Physics-constrained Gaussian Processes for Predicting Shockwave Hugoniot Curves

arXiv:2601.06655v1 Announce Type: cross
Abstract: A physics-constrained Gaussian Process regression framework is developed for predicting shocked material states along the Hugoniot curve using data from a small number of shockwave simulations. The proposed Gaussian process employs a probabilistic Taylor series expansion in conjunction with the Rankine-Hugoniot jump conditions between the various shocked material states to construct a thermodynamically consistent covariance function. This leads to the formulation of an optimization problem over a small number of interpretable hyperparameters and enables the identification of regime transitions, from a leading elastic wave to trailing plastic and phase transformation waves. This work is motivated by the need to investigate shock-driven material response for materials discovery and for offering mechanistic insights in regimes where experimental characterizations and simulations are costly.
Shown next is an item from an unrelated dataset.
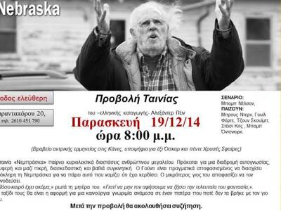 Την Παρασκευή 19/12/14, ώρα 8:00 μ.μ θα πραγματοποιηθεί προβολή της ασπρόμαυρης Αμερικανικής ταινίας «Nebraska» που πέρυσι διεκδίκησε 6 βραβεία Όσκαρ.

The proposed methodology relies on large-scale molecular dynamics which are an accurate but expensive computational alternative to experiments. Under these constraints, the proposed methodology establishes Hugoniot curves from a limited number of molecular dynamics simulations. We consider silicon carbide as a representative material and atomic-level simulations are performed using a reverse ballistic approach together with appropriate interatomic potentials. The framework reproduces the Hugoniot curve with satisfactory accuracy while also quantifying the uncertainty in the predictions using the Gaussian Process posterior.